Most CoNS isolates recovered from infants in this study were resistant to oxacillin. Nevertheless, similar to findings reported by Celebi et al.1, clinical improvement was documented in more than half of the patients. The CoNS isolates represented true bacteremia, and all study patients met the clinical criteria for sepsis. One possible explanation is that CoNS is a low-virulence pathogen. According to Ben Jaballah et al.15, high resistance to third-generation cephalosporin by gram-negative bacilli has increased, includingAcinetobacter sp, Enterobacter sp, Serratia marcescens, Klebsiella pneumoniae, and Pseudomonas aeruginosa. This was shown in some of our studies including detection of outbreaks of these pathogens16–18.

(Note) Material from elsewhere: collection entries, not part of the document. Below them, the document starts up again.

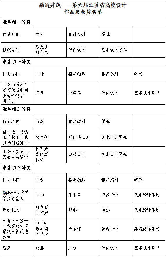 近日,江苏省教育厅公布“融通并茂——第六届江苏省高校设计作品展”获奖名单,我校作品获一等奖2项,三等奖6项,比赛成绩创新高。
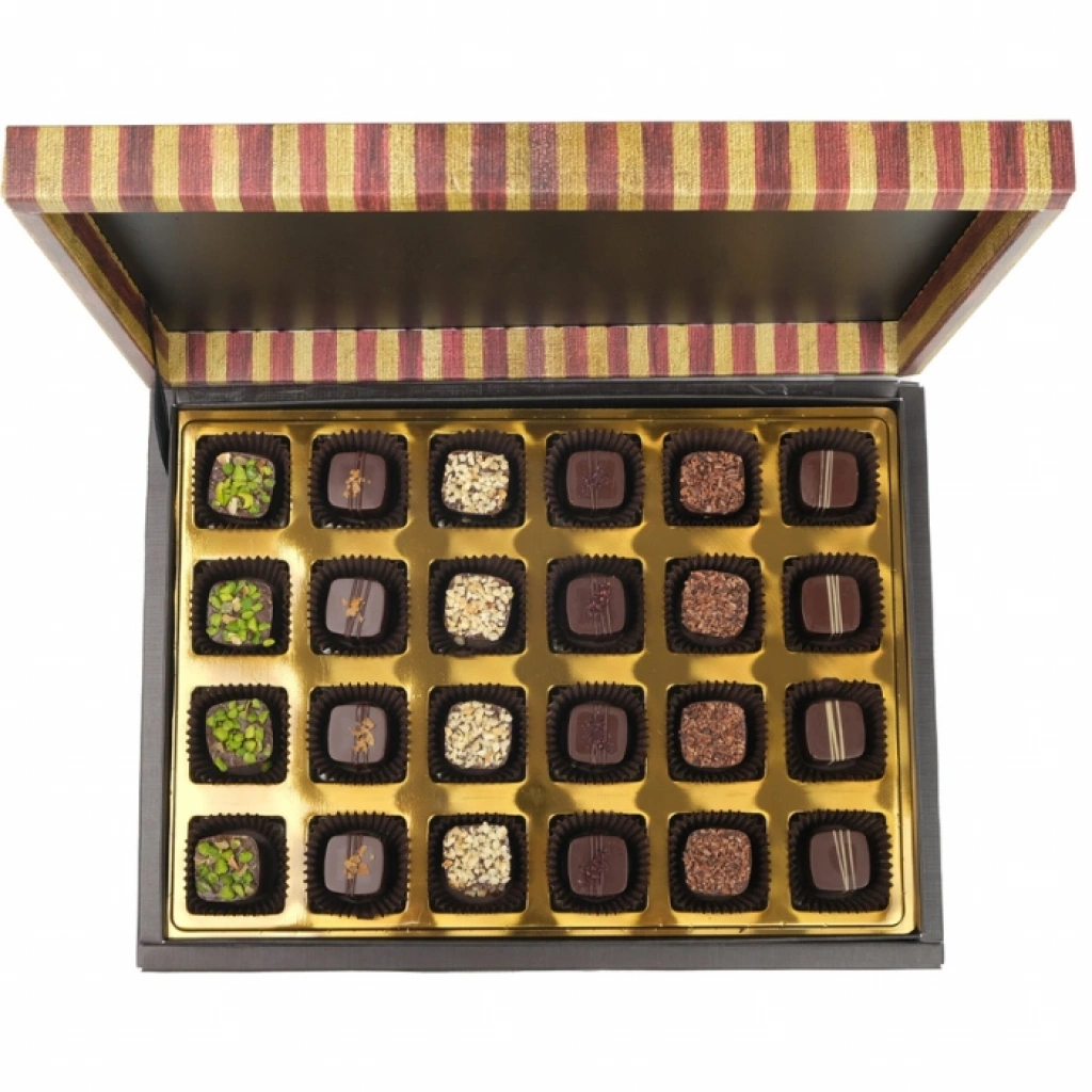 Bayrama özel hediyelik kutuda toplam 500 gram karışık bonbon çikolata bulunmaktadır. Kutu içerisinde karamelli, lotuslu, kahveli, antep fıstıklı, karadutlu ve fındıklı çikolata bulunmaktadır. Karışık special olması nedeniyle tüm zevklere hitap eden bir kutudur.
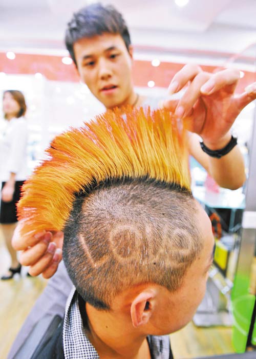 這款發(fā)型吸引了許多人的目光,中間的頭發(fā)全部豎起,然后用紅黃兩種顏色漂染,最后在頭右側用剃刀畫出了一個清晰的“LOVE”。
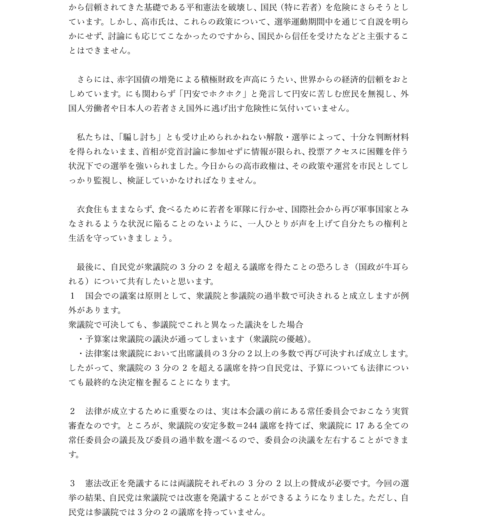 ・憲法で保障されている人権が尊重され、貧困や生きづらさから脱することができる東京に変えましょう。雇用、住まい、教育が享受できる東京に変えましょう。そのために、新しい都知事を選びましょう。
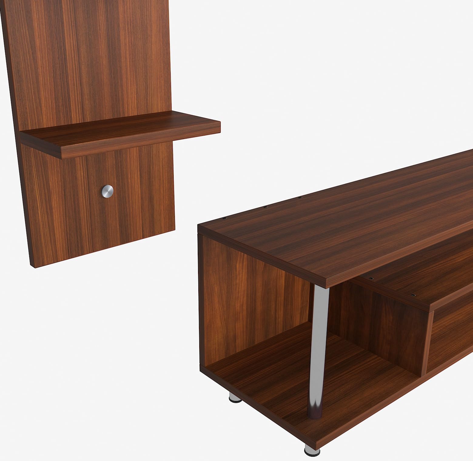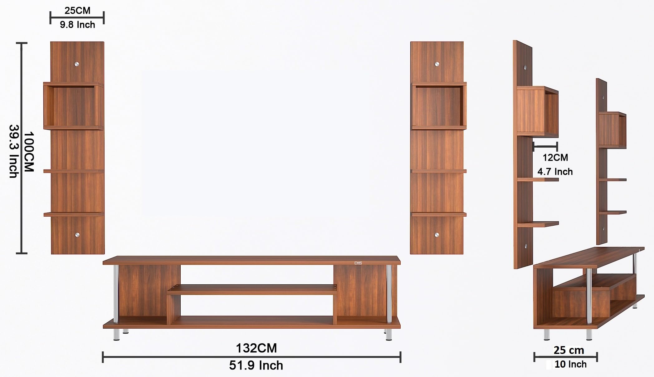 Material- Pre-laminated particle baord. Weight Capacity- 25 KG. Cable Management. Product Dimension- TV Cabinet- 132 x 25 x 40 CM, Wall Shelf- 25 x 12 CM, Shelf supporting Unit- 100 x 25 CM, Weight- 19 KG
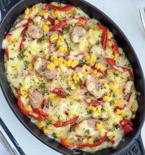 洋蔥切絲放入鍋中加入植物油炒香後加入黃油,彩椒、玉米粒、洋蔥絲,炒出香味,關火後加入20g低筋麵粉和120ml牛奶,攪拌均勻後開中小慢慢熬出喜歡的黏稠度,加鹽和黑胡椒調味,烤盤上鋪一層白米飯,將熬好的白醬汁蔬菜鋪在上面,最上面撒上馬蘇裡拉芝士碎,烤200度 烘烤10-15分鐘。
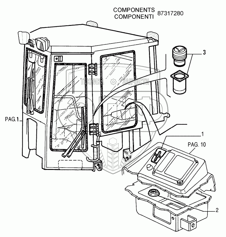 Каталог запасных частей к технике: New Holland Бульдозер D255. ROPS CAB OPTIONAL CODE 784133051
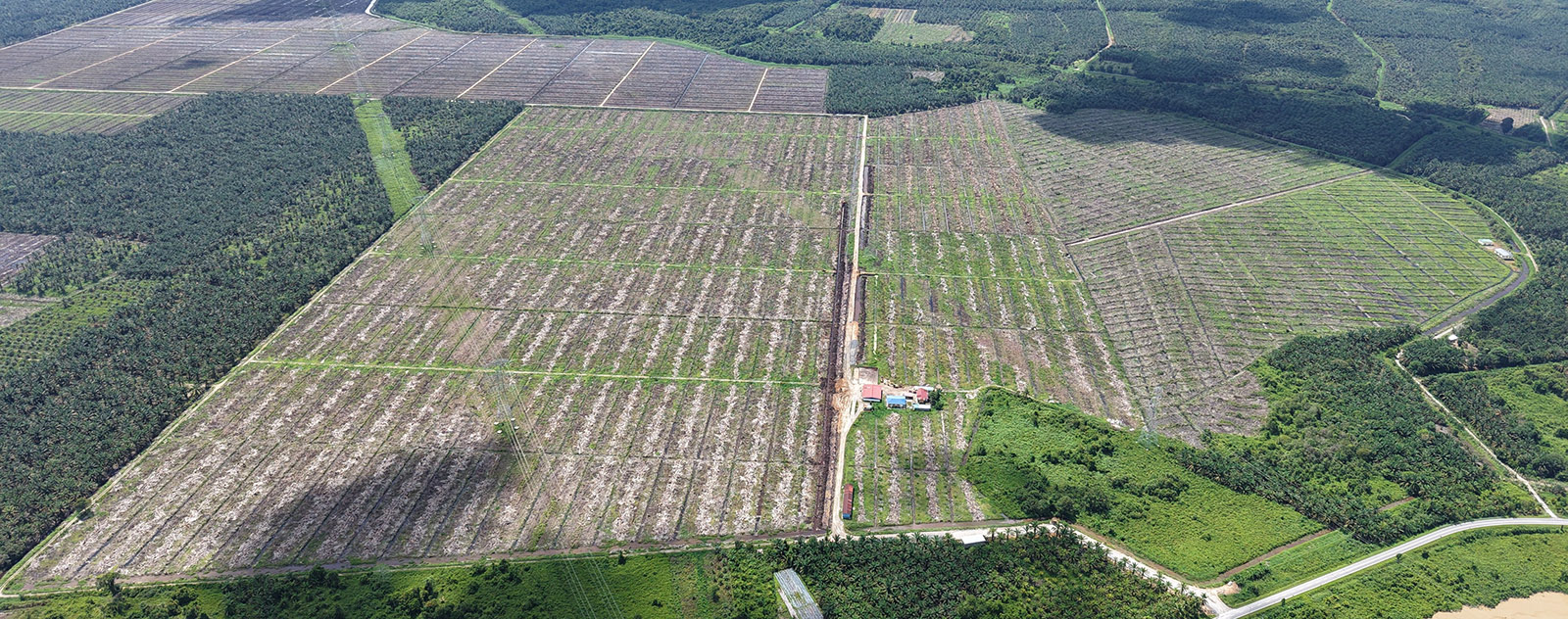 そしてサラワク州ゲドンにある敷地で始まったのが培養面積100haの実証設備構築に向けた準備です。使い道のなくなった古いパームヤシのプランテーション跡地を使います。長年のパームヤシの栽培によって土壌が酸性化し、プランテーションの継続が困難となった土地に、新たな産業を構築しようという構想です。すでに2025年3月にパーム林の伐採が完了し、治水・土壌改良が始まろうとしています。2027年9月の完成を目標にしています。
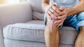 A man sits on the sofa at home holding his knee in pain showing healthcare and knee pain concept
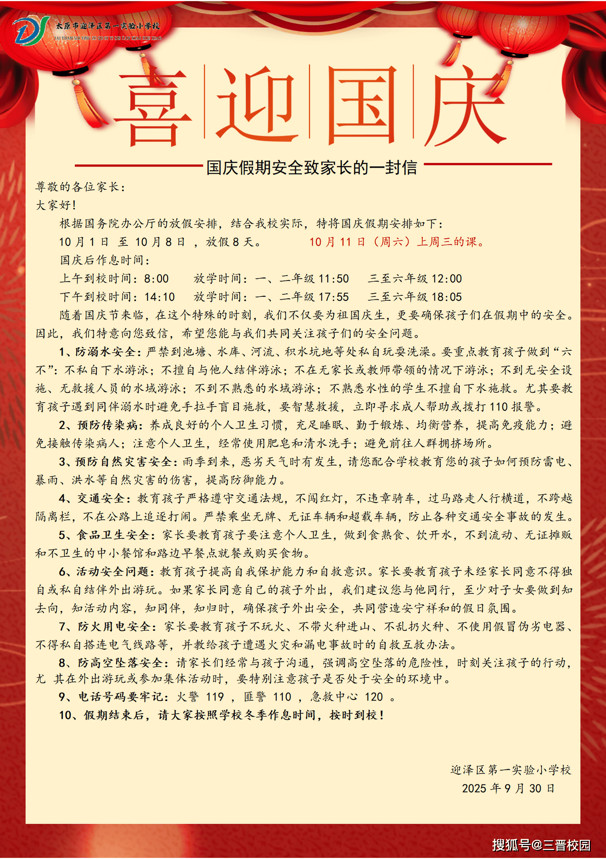 为进一步强化家校联动,学校还同一印制并发放了 《国庆假期平安致家长的一封信》。信中细致列出了假期期间需家长亲近关心的各项平安留意事项,包罗交通平安、饮食卫生、防溺水、居家平安等,呼吁家长切实履行监护职责,加强对后代假期的监管取陪同,取学校联袂配合为孩子的平安保驾护航。
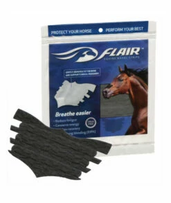 Store FLAIR Strips at room temperature.For best results apply FLAIR Strip 30 minutes prior to riding, exercise, or any other activity that might cause the horse to sweat.Use a clean, dry cloth or paper towel to remove dirt and oil prior to application.This placement provides optimal support for the soft tissue of the nasal passage.FLAIR Strips have a unique adhesive that is designed to flow into and adhere to the horse? hair.Touching the adhesive will reduce its ability to stick to your horse
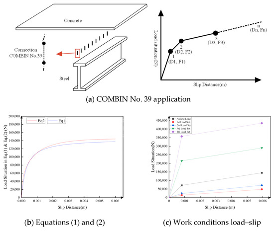 In the Tongfu No. 3 viaduct, the interface connection of the concrete deck plate and the steel main beam is achieved with shear nails, which are used as pinned connections to connect the concrete deck plate to the steel main beam. As one of the flexible connectors, the load–slip displacement principal structure relationship of the shear pegs can be described by exponential functions [22,23], such as , or hyperbolic functions [24], such as . Among others, Ollgaard and Buttry [25] defined more classical load–slip displacement equations, as shown in Equations (1) and (2).

The most important NI remains BSI with staphylococci as the predominant pathogens, which showed much higher rates than those reported in the literature19. Multiresistant microorganisms, especially oxacillin-resistant staphylococci and gram-negative bacilli resistant to cephalosporin were frequently found. The process of evaluating the causative organisms was valuable in itself by helping to draw the attention of health care professionals to this important cause of morbidity and by promoting the use of strict hygiene measures and meticulous care of the infected infants.